В других частях света люди, живущие в схожих с южанами условиях, исключительно музыкальны, и мы обязаны подавляющим большинством сладостных композиций, радующих слух и укрощающих чувства, неграмотным создателям песен из швейцарских гор, тирольских долин, баварских нагорий и менестрелям Шотландии, Ирландии и Уэльса.

Музыка англоязычных людей в очень большой степени складывается из этих вкладов из народных песен обитателей более диких и гористых частей Британских островов. Редко ошибешься, приписав этому источнику любую услышанную мелодию, которая пленяет своим соблазнительным богатством гармонии. Изысканные мелодии, чистые и непринужденные, как щебетание птицы весной, и жалобные, как воркование горлицы, кажутся столь же естественными продуктами Шотландского нагорья, как и дробок, расцветающий на их склонах в августе. Лишенные возможности выражать свои чаяния так, как это делают люди более широкой культуры, — в живописи, скульптуре, поэзии и прозе, эти горцы делают песню гибким и готовым инструментом для передачи каждой эмоции, проносящейся сквозь их души.

Любовь, ненависть, скорбь, месть, гнев и особенно война, кажется, настраивают их умы на гармонию и пробуждают голос песни в их сердцах. Сражения, которые шотландцы и ирландцы вели за возвращение злосчастных Стюартов на британский трон — кровавые мятежи 1715 и 1745 годов, оставили богатое наследие сладостных песен, излияния любящей, страстной преданности жалкому делу; песен, которые по сей день почитаются и поются везде, где говорят на английском языке, людьми, которые давным-давно забыли, какие жгучие чувства породили их любимые мелодии.

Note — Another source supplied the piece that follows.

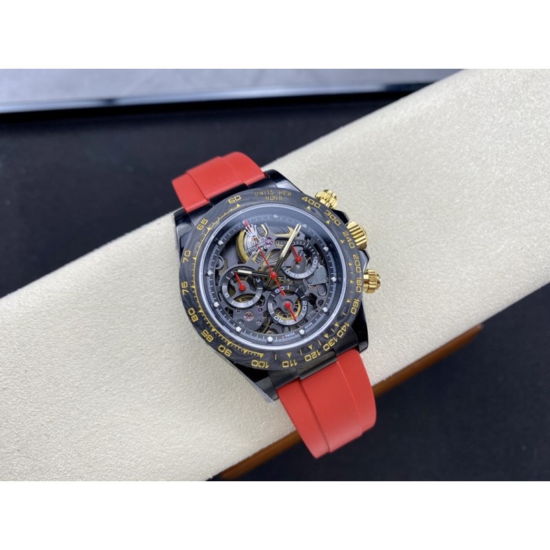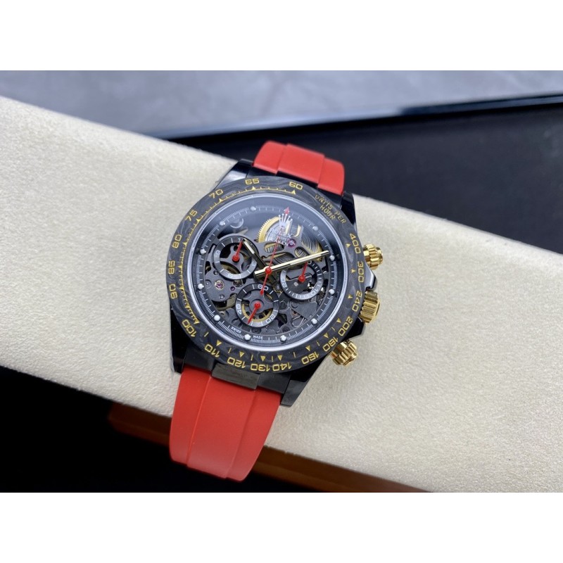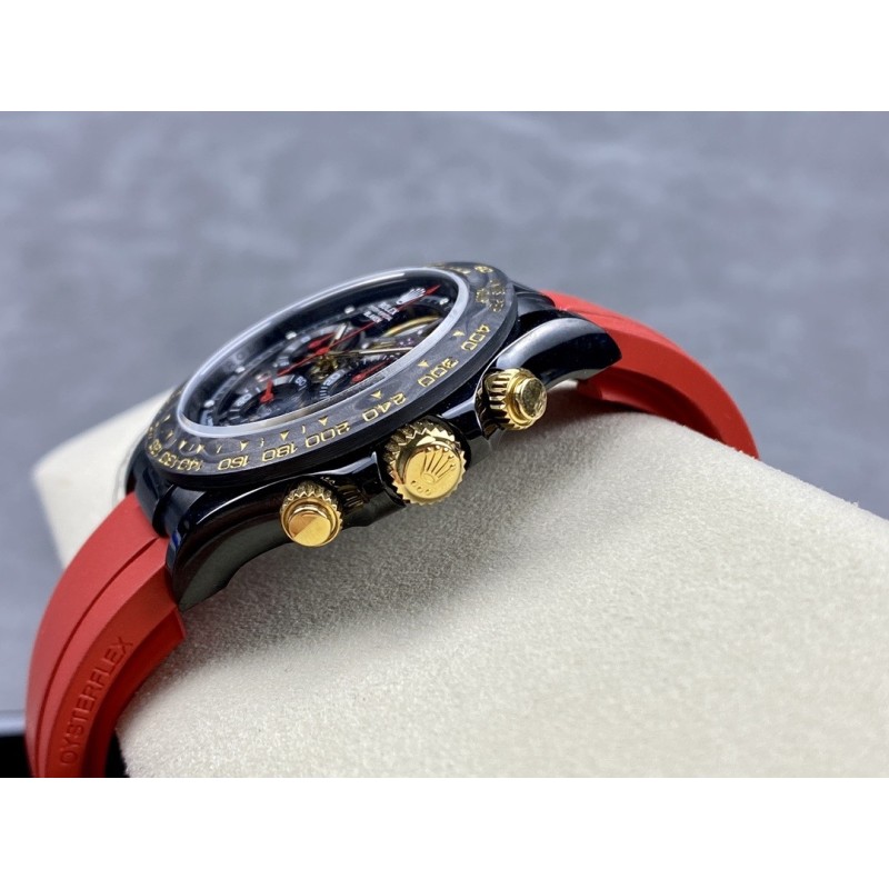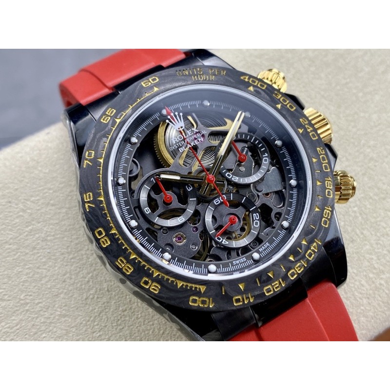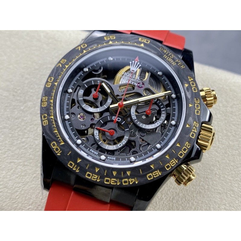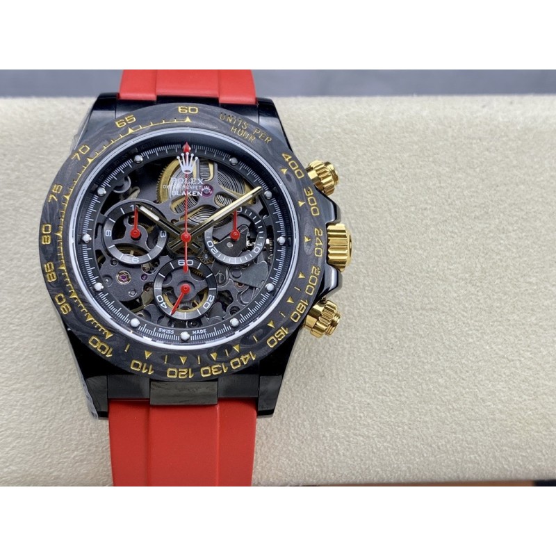 “时间,从未如此令人惊艳。” GET公司引以为傲的全新镂空劳力士迪通拿腕表,将为您的手腕注入更多时尚与品味。通过其独特的设计,这款手表不仅可以告诉您时间,更能展示您的个性与品味。GET公司独家花费巨资研发复刻和4130一样功能级别,走时精准,稳定, 真动能摆轮。每个拆件都以非常高的精度逐一拆装,进行缕空和手工制作切角,让缕空、主板,桥梁甚至主发条盒完全展开,大多数部件经过涂层、斜切以及抛光等精湛工艺,全缕空展现出来、赏心悦目! 别具匠心的镂空设计,将整个机芯镂空呈现,让您不仅可以清晰地读取时间,更能领略机械时钟的精密内部结构,营造出整个手表优美的空间感。 玻璃上下面采用了高透镀膜蓝宝石防刮伤材料,让您可以随时欣赏机芯的运行。表圈采用定制表圈,为NTPT锻造碳材料和精密陶瓷圈,人工彩色宝石圈,一体加工成型、坚硬耐磨!而表带采用进口原版开模胶带,穿戴舒适,质感优良。此外,手表还配备了防水、防震等多重功能,让您在不同场合都能放心佩戴。外壳镀黑非普通电镀,采用与BLAKEN改装厂一样耐磨抗造的DLC涂层材料,其后期让消费者可以用时间验证其电镀技术含金量。 GET公司联合全力花重金真诚打造,以品质打动消费者,让体验其真正价值!现在就选择这款镂空手表,让时间成为您的独特标志,展现您的品味与魅力!

На протяжении века прах обоих Претендентов тлеет на чужой земле; имена Джеймса Эдуарда и Чарльза Эдуарда, которые когда-то звучали как трубные гласы, поднимавшие вооруженных людей, значат для современной толпы не больше, чем имена сакса Этельберта и датчанина Хардикнута, однако мир продолжает петь — и, вероятно, будет петь до тех пор, пока звучит английский язык, — «Wha'll be King but Charlie?», «When Jamie Come Hame», «Over the Water to Charlie», «Charlie is my Darling», «The Bonny Blue Bonnets are Over the Border», «Saddle Your Steeds and Awa» и бесчисленные другие, бесконечную нежность и мелодичность которых не может превзойти ни один современный композитор.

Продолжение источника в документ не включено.